Judging by the number of training and coaching available on the subject of ‘leadership’, it appears that we tend to treat leadership as some kind of technique.
Nothing can be further from the truth.
Leadership is not a technique. It is a way of life. You lead your personal and family life. You may lead as a manager or a business owner. You may even be called upon to lead the highest office in the land. You cannot assemble a bunch of techniques and become a leader. You become a leader by making it a way of life. Otherwise you become a ‘do as I say but not as I do’ type of pseudo leader.
Dictionaries struggle to define leadership. If you ask different people to define leadership, it is very likely you will get various leadership “personas” described to you.
A person is NOT a leader because of their position, title or they think they are the leader.
Below are fifteen traits of great leaders:
- Leaders lead people. Leadership starts with him or herself. Challenge of leadership is to get people to willingly do what they would normally NOT do.
- Competence: Competence is just the starting point. A leader builds his leadership starting with competence. This will involve learning new skills and training for a level of competency. Remember there are very competent people who are very poor leaders.
- Character: This involves sense of duty, ethics, value systems, integrity and morality and so on. Highly competent leaders fail not because of incompetence but lack of character.

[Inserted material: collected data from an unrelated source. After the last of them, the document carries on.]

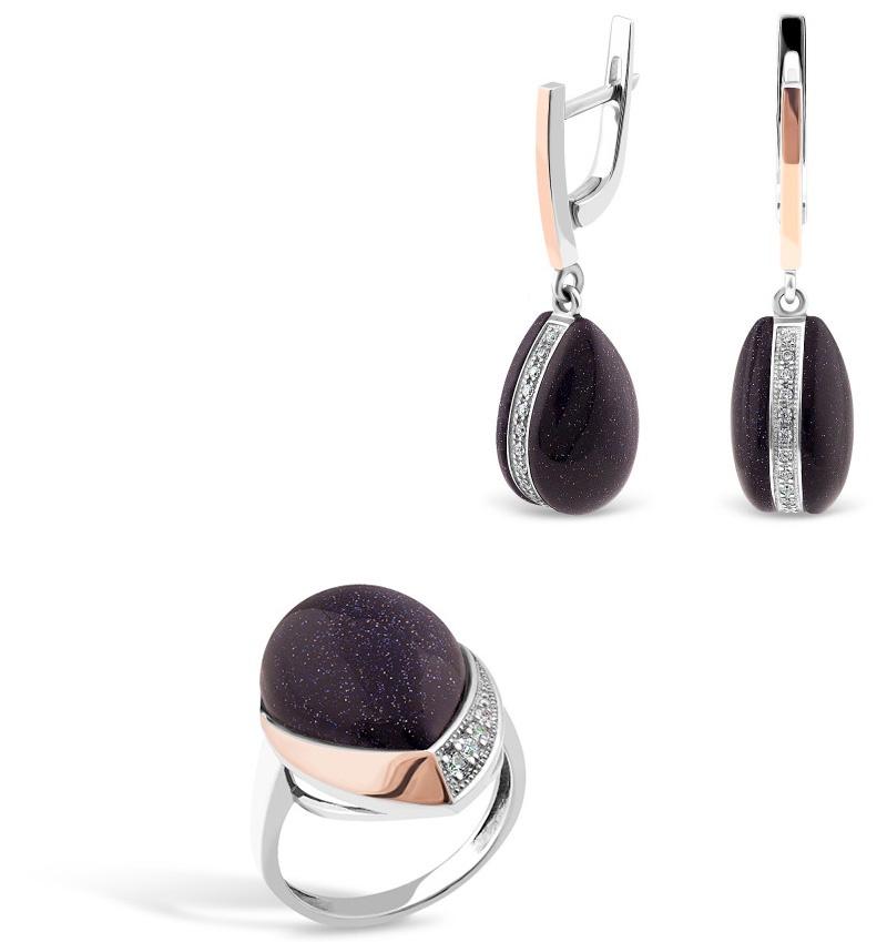 Сет из серебра с золотыми вставками с улекситом и цирконом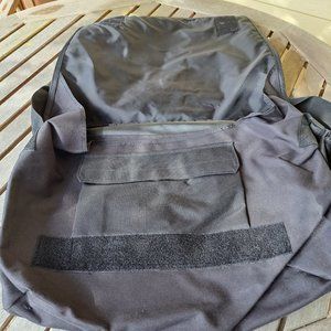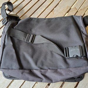 LA design on black canvas messenger bag. Shoulder strap and cross body strap on back. Velcro closure. 2large pockets inside 1 pocket under front flap with velcro closure. 80% polyester 20% polyvinyl 17 1/2"× 15x 4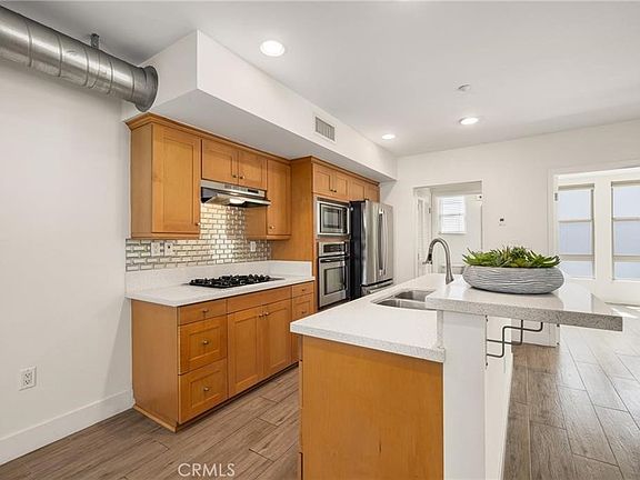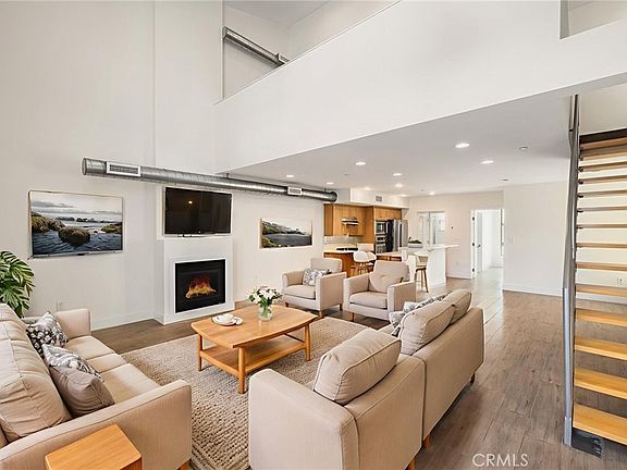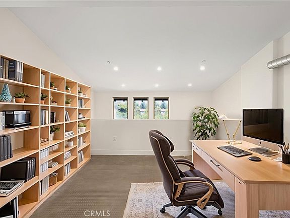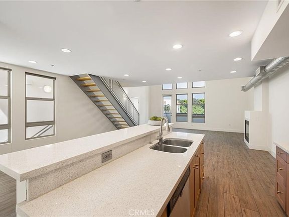 office space approximately 586 square feet with it's on bathroom and AC/furnace. Ground floor. Head up the stairs to the impeccable 2 stories with 2 full bathrooms, master has walk in shower and tub! Gorgeous wood plank beechwood style tile that looks just like wood. Dramatic vaulted ceilings with great use of wood/iron post retention stairs. Not a speck of wood anywhere as the entire frames! This complex won the architectural building award for a great new innovative design the year that they were built for the state of California. The bathroom and kitchen counter tops have been replaced with a gorgeous quartz counter for a smooth and sleek finish for a very contemporary look. Well designed with a very rich wool blend dense fiber carpet that is a perfect compliment to our modern yet cozy townhome complete with a front balcony and a back balcony. There is a great cross breeze and our live/work space is located just across the way from the Brea plunge community swimming pool and park! Walk to all that downtown Brea has to offer. Never have to leave home! Our complex is pet friendly and we even have our own dog park/running area! Enjoy a family B B Q at the community B B Q corner and or just enjoy being at your super luxurious modern meets comfort townhome style home with it's own downstairs office that you could use your own and or rent out to pay a portion of your mortgage. Great location to walk to the downtown! Relax at home as the South Brea Lofts has lots of general parking, but our unit comes with a covered extra deep garage and a very deep covered car port. You and or quests are also allowed to park on site! Very modern approach to living. Brea Olinda High School is just up the street, and the private Catholic elementary school St. Angela's church and school are just across the street. Starbucks and Ralphs and Sprouts are just up the street. This community has everything to offer you and your family. We also have an up-stairs loft with its own closet that could easily be enclosed to make it a 3rd bedroom! Oversized water heater. Come on over! Owner just re-glazed the entire downstairs tile flooring. One in a million!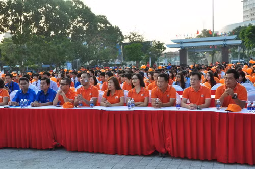 Sau buổi lễ, hơn 1.000 cán bộ, đoàn viên thanh niên đi bộ diễu hành quanh các tuyến đường ở trung tâm TP Cần Thơ.
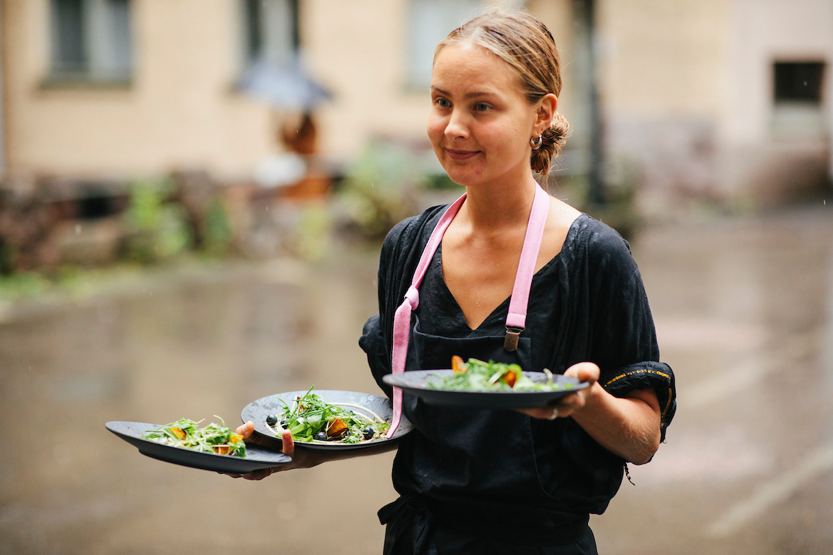 Asiakkaita oli 120, kattauksia kaksi. Aikaisemman kattauksen vieraat ruokailivat päivänvalossa, myöhäisempi illallinen alkoi hämärän laskeuduttua. Tunnelma oli mieletön, ja vaikka riskit ulkona syömisessä olivat toki isot — puolet vieraistamme kun ruokaili porttikongissa — meni kaikki hyvin. Lämmittimet toimivat moitteettomasti ja viluisille oli vilttejä. Henkilökunnalle ei ehtinyt sen sijaan tulla kylmä, hommia painettiin uutterasti yhteen saakka yöllä — kiitos koko mielettömälle keittiö- ja salitiimille!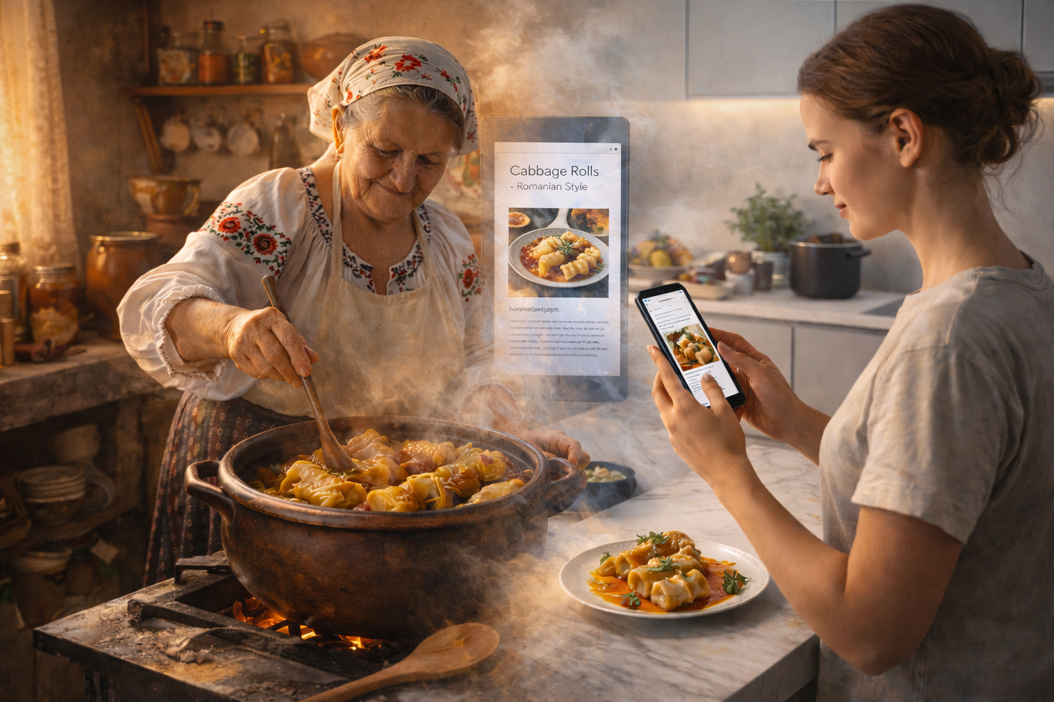 Acest proces nu este o ruptură, ci o formă de adaptare. Tradiția nu este anulată de tehnologie, ci pusă în circulație. Rețetele ies din bucătărie și ajung pe grupuri de familie, pe rețele sociale, în caiete digitale. Gesturile vechi capătă noi forme de transmitere.

- Respected: Leaders make tough choices and decisions all the time. They are NOT there to be loved. But their competence and character decides how well they are respected.
- Make things happen and take responsibility for their own actions of their team and organization.
- Leaders delegate authority and NOT responsibility. By delegating authority to the front line, great leaders can remain focused on the big picture. However, they also know that the buck stops with them.
- Leaders really understand the ‘WHY’ of their crusade. See the video below:
- Leaders set high standards for themselves. This high standard is NOT a goal to be reached at a later date. It is something they live and breathe every day.
- Great leaders understand the significance of competitive forces outside their control. This allows them to pick the right playing field.
- Leadership is a strategist. They understand the close, ongoing relationship between leadership and strategy.
- Leaders also understand that strategy is not a destination or solution. It is not a problem to be solved. It is a continuous journey.
- Leaders focus on standard of conduct. They do this by committing to absolute values. They commit to their journey with all their might.
- True leaders commit to a single standard. For an example they don’t have one standard for private morality and conduct and another for public morality and conduct. They will NOT accept lower standards to get things done. They do not buy in to the doctrine of expediency – the double standard of conduct.
- Leaders who start something new, like a new movement are not afraid to make a fool of themselves in order to grow that movement.
- Great leaders know that no organization will get better until the leadership is willing to admit that something is wrong.
- They see the problem for what it is and NOT worse than it is.
- Once they see the problem for what it is, they see the future as better than it is now. That is they create a compelling vision.
- They do everything in their power to start living the vision now, as if their vision has already come to fruition.
Here is a question:
If someone achieves a great goal by any means – by lowering their standards – would you consider them a great leader?